## REQUIRED WORK
From the line that contains "Adventure Awaits Sign" to the last line of the entries, write each line out exactly; include both ends and nothing else.

## DATA SECTION
——————

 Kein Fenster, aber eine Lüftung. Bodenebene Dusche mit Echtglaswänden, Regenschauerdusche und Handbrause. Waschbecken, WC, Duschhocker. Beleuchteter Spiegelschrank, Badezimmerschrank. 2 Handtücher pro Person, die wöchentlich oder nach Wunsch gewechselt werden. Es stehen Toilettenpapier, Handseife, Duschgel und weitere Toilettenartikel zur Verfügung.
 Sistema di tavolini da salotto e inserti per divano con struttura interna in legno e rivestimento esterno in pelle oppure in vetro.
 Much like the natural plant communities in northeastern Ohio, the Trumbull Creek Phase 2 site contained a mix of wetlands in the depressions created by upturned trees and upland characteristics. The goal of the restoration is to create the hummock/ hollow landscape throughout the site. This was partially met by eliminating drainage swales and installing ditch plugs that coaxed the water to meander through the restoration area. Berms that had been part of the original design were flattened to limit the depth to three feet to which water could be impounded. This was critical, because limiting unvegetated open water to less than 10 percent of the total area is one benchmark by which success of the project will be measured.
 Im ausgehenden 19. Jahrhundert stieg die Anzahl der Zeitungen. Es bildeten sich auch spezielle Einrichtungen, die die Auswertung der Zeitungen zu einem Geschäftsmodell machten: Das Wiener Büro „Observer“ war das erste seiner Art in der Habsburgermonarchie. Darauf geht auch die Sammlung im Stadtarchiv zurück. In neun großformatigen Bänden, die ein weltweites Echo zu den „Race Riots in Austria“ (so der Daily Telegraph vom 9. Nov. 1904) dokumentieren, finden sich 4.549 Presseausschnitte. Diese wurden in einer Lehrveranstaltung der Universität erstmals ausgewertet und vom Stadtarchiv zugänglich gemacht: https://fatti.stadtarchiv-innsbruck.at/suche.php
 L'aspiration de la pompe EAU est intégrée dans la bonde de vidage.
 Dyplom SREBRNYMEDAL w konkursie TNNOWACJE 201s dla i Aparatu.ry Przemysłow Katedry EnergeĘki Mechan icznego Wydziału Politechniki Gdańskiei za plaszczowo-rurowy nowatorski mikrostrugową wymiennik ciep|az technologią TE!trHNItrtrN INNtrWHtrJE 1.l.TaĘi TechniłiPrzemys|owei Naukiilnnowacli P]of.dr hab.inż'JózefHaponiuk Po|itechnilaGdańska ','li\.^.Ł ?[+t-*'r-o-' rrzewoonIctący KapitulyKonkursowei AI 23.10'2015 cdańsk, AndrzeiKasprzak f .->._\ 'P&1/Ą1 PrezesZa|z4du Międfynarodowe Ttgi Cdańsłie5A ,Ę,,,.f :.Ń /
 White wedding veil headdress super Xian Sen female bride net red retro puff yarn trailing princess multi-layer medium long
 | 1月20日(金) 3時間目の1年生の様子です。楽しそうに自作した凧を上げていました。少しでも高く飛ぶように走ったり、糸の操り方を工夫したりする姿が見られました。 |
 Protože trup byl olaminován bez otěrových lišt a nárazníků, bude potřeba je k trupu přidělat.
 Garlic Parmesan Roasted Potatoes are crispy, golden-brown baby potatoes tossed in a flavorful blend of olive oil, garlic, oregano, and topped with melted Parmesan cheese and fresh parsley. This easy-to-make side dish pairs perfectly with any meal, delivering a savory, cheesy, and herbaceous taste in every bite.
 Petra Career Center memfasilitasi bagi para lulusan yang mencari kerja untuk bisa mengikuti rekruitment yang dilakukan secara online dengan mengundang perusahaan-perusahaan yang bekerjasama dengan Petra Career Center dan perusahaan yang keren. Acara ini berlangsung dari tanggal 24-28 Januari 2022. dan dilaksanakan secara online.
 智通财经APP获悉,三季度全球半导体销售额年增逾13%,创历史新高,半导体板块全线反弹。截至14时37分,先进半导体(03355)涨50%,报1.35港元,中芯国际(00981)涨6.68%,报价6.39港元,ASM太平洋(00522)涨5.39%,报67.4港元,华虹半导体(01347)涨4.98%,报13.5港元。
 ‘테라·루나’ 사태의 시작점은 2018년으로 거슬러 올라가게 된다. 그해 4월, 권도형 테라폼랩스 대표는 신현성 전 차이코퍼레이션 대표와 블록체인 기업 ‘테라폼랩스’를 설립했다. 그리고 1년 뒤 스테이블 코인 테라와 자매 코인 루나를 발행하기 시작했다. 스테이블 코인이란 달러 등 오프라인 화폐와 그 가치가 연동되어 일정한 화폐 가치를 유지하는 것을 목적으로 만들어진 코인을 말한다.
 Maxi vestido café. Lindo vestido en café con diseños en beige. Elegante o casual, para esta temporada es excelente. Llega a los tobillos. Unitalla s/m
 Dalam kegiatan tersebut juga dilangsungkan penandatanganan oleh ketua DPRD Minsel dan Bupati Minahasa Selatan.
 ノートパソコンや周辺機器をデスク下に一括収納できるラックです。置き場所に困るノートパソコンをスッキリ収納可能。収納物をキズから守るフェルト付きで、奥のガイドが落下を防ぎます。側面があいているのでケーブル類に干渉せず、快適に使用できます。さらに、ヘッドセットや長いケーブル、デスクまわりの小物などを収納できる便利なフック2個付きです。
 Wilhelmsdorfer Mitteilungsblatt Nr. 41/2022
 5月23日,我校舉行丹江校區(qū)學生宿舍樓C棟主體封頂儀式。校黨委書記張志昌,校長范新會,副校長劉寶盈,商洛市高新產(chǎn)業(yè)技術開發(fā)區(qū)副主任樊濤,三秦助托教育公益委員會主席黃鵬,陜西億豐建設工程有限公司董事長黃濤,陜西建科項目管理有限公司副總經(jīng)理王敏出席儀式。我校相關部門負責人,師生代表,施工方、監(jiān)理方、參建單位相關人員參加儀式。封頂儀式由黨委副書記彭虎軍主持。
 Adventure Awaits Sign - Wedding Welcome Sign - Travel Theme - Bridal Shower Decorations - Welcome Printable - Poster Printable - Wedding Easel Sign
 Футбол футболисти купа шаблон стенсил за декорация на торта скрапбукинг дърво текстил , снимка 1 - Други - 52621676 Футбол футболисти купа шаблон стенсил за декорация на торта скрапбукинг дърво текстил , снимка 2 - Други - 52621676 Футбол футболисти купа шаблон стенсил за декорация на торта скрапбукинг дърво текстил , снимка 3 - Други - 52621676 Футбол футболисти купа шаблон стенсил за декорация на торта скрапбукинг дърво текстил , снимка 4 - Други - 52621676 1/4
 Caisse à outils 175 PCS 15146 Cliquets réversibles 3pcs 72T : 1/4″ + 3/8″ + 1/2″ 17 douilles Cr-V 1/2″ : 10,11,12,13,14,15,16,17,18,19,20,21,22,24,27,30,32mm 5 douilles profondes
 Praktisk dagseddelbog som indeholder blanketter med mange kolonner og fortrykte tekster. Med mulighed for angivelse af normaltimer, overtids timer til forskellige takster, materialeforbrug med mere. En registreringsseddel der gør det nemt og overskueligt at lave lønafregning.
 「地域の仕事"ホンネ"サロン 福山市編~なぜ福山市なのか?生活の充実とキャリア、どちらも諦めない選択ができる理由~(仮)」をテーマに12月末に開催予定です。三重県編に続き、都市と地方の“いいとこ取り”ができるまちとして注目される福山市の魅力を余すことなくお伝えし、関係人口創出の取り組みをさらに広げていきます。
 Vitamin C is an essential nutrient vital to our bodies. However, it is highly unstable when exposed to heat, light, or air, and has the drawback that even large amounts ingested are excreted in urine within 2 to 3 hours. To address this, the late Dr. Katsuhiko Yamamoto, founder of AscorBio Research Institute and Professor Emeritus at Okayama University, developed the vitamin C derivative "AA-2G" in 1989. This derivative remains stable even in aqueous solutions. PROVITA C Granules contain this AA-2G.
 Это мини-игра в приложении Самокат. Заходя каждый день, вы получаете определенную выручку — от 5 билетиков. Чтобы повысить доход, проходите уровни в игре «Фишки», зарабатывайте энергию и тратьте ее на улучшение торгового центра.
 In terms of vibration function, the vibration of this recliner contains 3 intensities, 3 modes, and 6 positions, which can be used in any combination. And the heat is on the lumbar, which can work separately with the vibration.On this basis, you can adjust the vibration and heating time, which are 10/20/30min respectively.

——————

## OUTPUT
 Adventure Awaits Sign - Wedding Welcome Sign - Travel Theme - Bridal Shower Decorations - Welcome Printable - Poster Printable - Wedding Easel Sign
 Футбол футболисти купа шаблон стенсил за декорация на торта скрапбукинг дърво текстил , снимка 1 - Други - 52621676 Футбол футболисти купа шаблон стенсил за декорация на торта скрапбукинг дърво текстил , снимка 2 - Други - 52621676 Футбол футболисти купа шаблон стенсил за декорация на торта скрапбукинг дърво текстил , снимка 3 - Други - 52621676 Футбол футболисти купа шаблон стенсил за декорация на торта скрапбукинг дърво текстил , снимка 4 - Други - 52621676 1/4
 Caisse à outils 175 PCS 15146 Cliquets réversibles 3pcs 72T : 1/4″ + 3/8″ + 1/2″ 17 douilles Cr-V 1/2″ : 10,11,12,13,14,15,16,17,18,19,20,21,22,24,27,30,32mm 5 douilles profondes
 Praktisk dagseddelbog som indeholder blanketter med mange kolonner og fortrykte tekster. Med mulighed for angivelse af normaltimer, overtids timer til forskellige takster, materialeforbrug med mere. En registreringsseddel der gør det nemt og overskueligt at lave lønafregning.
 「地域の仕事"ホンネ"サロン 福山市編~なぜ福山市なのか?生活の充実とキャリア、どちらも諦めない選択ができる理由~(仮)」をテーマに12月末に開催予定です。三重県編に続き、都市と地方の“いいとこ取り”ができるまちとして注目される福山市の魅力を余すことなくお伝えし、関係人口創出の取り組みをさらに広げていきます。
 Vitamin C is an essential nutrient vital to our bodies. However, it is highly unstable when exposed to heat, light, or air, and has the drawback that even large amounts ingested are excreted in urine within 2 to 3 hours. To address this, the late Dr. Katsuhiko Yamamoto, founder of AscorBio Research Institute and Professor Emeritus at Okayama University, developed the vitamin C derivative "AA-2G" in 1989. This derivative remains stable even in aqueous solutions. PROVITA C Granules contain this AA-2G.
 Это мини-игра в приложении Самокат. Заходя каждый день, вы получаете определенную выручку — от 5 билетиков. Чтобы повысить доход, проходите уровни в игре «Фишки», зарабатывайте энергию и тратьте ее на улучшение торгового центра.
 In terms of vibration function, the vibration of this recliner contains 3 intensities, 3 modes, and 6 positions, which can be used in any combination. And the heat is on the lumbar, which can work separately with the vibration.On this basis, you can adjust the vibration and heating time, which are 10/20/30min respectively.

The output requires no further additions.